Yan Xuefei también se acercó, curiosa.
—Damas y caballeros, parece que algunos todavía no creen que este pergamino sea falso —Bai Xiaosheng frunció los labios con diversión, y le pidió a Su Lingyu que moliera la tinta—. Aprovechando el cumpleaños de la Tía Yan, realizaré un pequeño truco para todos.
—¡Es hora de mostrar algunas habilidades reales! —bromeó Bai Xiaosheng usando una frase popular de la época.
Han Chen observó con sospecha mientras Bai Xiaosheng tomaba un gran trozo de pergamino en blanco, agarraba un pincel cargado de tinta, miraba los otros caracteres dañados y comenzaba a escribir directamente en el pergamino.
Su escritura fluía como nubes y agua, ¡y los caracteres eran exactamente como los originales!
Mientras escribía, Bai Xiaosheng explicaba:
—Este pergamino es una escritura cursiva de poemas y letras de las dinastías Tang y Song del Monje Xiangguang Dong Qichang, definido por sus trazos claros y fluidos…
Después de escribir una serie de diez caracteres, Bai Xiaosheng dejó el pincel y dijo:
—Ancianos, tengo algo de conocimiento de caligrafía y sé escribir.
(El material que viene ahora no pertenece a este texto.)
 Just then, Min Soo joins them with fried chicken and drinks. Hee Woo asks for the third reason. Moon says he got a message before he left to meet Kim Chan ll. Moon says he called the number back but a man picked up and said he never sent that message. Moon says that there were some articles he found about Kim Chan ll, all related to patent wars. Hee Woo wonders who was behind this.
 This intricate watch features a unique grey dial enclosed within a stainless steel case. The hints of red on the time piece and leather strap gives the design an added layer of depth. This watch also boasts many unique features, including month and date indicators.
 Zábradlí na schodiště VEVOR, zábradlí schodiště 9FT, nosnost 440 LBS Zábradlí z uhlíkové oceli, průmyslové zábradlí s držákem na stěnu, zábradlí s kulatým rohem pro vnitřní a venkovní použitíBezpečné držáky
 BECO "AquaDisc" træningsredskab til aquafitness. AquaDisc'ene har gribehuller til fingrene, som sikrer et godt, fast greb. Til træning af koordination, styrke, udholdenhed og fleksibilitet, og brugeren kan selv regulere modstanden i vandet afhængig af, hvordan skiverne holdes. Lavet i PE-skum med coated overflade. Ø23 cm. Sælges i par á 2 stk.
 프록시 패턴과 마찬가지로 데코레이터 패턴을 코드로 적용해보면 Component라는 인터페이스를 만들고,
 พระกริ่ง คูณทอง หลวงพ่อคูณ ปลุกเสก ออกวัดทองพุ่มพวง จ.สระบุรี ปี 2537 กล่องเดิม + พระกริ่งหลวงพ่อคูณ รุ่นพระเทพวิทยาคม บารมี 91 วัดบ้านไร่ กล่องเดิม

Espero que no me confundan con un falsificador.
La audiencia no pudo evitar sonreír.
Su Lingyu y Jiang Yue admiraban los caracteres, que eran indistinguibles del original.
Yan Xuefei y Su Dazhong estaban llenos de sorpresa.
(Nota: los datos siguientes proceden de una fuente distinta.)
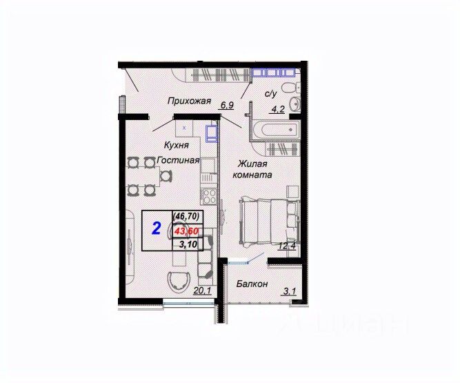 Общая площадь46,7 м2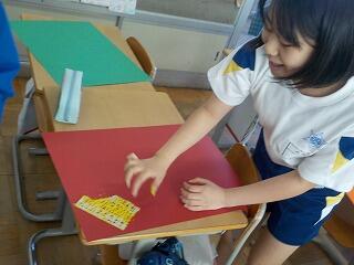4年2組では、版画の仕上げに向かって、版画を貼る台紙にも柄をつける作業を実施しています🎨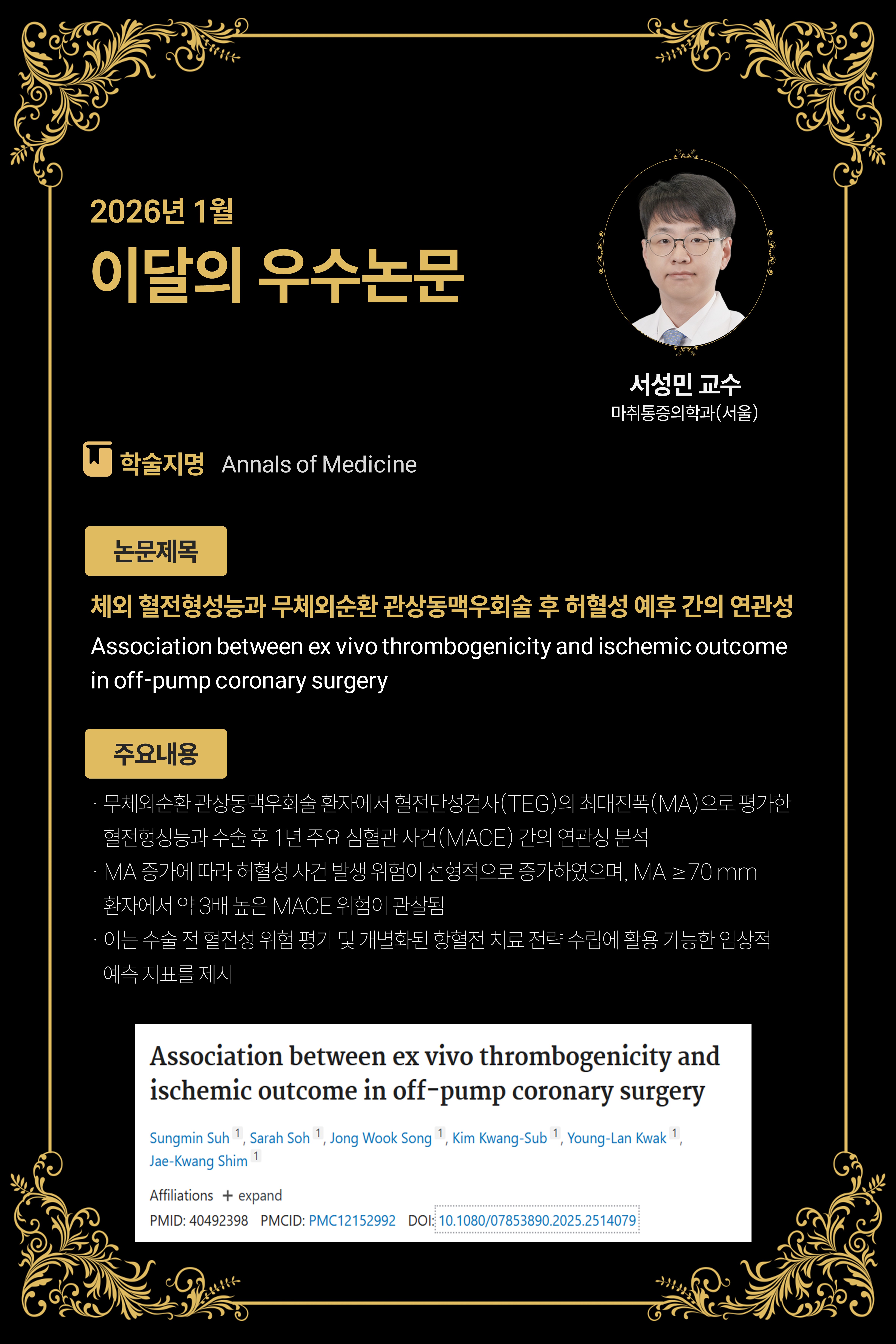 [26년 1월] Association between ex vivo thrombogenicity and ischemic outcome in off-pump coronary surgery

Esta hermosa caligrafía era efectivamente de la mano de este joven. ¡Parecía que debía haberse sumergido en este arte durante al menos una década para tener tal habilidad!
Han Chen miró con incredulidad las obras nuevas y originales, que eran prácticamente indistinguibles.
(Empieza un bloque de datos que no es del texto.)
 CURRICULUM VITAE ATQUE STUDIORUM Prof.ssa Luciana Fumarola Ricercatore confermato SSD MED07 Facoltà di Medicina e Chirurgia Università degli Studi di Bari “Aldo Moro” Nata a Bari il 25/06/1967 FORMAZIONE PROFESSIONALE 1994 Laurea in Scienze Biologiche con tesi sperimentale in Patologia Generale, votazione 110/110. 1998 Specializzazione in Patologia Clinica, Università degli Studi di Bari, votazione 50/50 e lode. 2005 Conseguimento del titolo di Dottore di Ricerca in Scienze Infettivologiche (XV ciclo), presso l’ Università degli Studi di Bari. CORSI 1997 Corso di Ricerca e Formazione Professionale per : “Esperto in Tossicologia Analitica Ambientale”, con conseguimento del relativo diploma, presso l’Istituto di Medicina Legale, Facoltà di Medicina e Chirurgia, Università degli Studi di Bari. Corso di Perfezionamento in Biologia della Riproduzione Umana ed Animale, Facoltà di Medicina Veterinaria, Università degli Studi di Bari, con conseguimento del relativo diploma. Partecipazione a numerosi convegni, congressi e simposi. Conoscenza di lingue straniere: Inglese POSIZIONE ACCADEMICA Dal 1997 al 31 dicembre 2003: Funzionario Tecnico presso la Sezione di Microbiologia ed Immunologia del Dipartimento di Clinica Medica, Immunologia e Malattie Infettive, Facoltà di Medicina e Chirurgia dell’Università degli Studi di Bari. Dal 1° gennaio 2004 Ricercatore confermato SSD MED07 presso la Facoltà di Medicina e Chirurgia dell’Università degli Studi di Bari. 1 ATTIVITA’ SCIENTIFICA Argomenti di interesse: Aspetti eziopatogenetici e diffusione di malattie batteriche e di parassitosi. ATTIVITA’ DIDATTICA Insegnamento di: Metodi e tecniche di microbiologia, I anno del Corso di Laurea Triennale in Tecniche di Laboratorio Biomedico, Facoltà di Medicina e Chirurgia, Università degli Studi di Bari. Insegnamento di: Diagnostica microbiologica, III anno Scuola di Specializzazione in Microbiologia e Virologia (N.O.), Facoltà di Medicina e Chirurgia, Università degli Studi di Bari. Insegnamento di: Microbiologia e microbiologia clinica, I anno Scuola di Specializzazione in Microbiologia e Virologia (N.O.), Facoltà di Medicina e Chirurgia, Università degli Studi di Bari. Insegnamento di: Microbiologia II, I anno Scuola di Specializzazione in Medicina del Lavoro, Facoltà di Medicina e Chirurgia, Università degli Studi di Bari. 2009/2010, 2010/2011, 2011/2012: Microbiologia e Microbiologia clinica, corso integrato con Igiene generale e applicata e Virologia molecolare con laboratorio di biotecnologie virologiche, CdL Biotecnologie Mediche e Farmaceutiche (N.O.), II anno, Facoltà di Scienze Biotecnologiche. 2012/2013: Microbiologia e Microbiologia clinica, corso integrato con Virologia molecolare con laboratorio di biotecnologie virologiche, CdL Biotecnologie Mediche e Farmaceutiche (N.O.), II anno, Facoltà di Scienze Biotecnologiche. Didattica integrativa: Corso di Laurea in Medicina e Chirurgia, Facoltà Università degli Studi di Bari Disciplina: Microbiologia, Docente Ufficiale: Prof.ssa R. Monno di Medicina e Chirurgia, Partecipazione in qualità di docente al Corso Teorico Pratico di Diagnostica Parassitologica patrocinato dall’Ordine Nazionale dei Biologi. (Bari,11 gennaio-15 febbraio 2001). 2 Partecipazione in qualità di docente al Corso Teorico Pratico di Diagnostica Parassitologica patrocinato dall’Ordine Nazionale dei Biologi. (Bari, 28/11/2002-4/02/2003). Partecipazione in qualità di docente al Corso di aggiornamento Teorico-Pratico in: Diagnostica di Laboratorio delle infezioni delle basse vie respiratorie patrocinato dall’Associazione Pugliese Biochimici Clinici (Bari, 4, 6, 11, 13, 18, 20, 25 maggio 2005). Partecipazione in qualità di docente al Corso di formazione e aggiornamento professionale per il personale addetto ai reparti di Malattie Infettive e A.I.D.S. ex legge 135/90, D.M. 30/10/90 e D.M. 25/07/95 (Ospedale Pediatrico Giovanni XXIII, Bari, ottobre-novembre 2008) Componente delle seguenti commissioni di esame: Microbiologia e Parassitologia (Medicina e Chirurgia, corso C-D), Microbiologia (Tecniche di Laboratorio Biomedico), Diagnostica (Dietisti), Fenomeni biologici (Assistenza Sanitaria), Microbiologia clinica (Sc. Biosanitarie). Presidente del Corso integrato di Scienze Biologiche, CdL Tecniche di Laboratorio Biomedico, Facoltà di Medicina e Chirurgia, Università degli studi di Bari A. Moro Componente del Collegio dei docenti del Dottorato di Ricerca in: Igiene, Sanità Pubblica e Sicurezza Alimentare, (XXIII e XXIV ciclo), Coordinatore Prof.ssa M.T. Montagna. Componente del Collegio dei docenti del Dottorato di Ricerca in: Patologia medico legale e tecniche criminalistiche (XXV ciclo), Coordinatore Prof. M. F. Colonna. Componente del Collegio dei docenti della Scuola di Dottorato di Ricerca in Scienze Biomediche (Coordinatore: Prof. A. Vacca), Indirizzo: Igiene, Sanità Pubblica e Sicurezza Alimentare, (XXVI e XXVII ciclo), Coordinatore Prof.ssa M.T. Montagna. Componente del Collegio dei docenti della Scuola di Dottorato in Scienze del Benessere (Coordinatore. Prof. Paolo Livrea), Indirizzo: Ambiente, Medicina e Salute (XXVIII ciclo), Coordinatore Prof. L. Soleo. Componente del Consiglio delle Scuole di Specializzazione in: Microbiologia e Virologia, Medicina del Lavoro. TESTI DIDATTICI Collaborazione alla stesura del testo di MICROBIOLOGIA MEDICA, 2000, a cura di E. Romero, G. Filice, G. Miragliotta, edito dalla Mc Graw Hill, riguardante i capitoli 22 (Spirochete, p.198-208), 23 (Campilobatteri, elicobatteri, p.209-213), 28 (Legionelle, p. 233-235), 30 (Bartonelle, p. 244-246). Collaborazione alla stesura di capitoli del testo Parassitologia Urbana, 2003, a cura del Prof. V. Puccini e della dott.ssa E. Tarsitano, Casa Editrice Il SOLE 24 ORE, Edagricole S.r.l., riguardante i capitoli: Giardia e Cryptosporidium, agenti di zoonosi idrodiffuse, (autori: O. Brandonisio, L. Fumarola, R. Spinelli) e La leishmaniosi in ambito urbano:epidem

Bai Xiaosheng recogió el rábano, miró los sellos en la pintura, y silenciosamente gritó en su mente: «¡Loto Rojo!»
—¡Entendido! —respondió Loto Rojo.
En la mente de Bai Xiaosheng, apareció una imagen perfecta y clara del sello.
El rábano de piel verde fue rápidamente tallado en forma bajo su mano con el cuchillo utilitario.
Finalmente, Bai Xiaosheng untó la tinta para sellos y lo estampó directamente sobre los caracteres que había escrito.
—Todo listo, ¡esperemos a que los expertos lo verifiquen!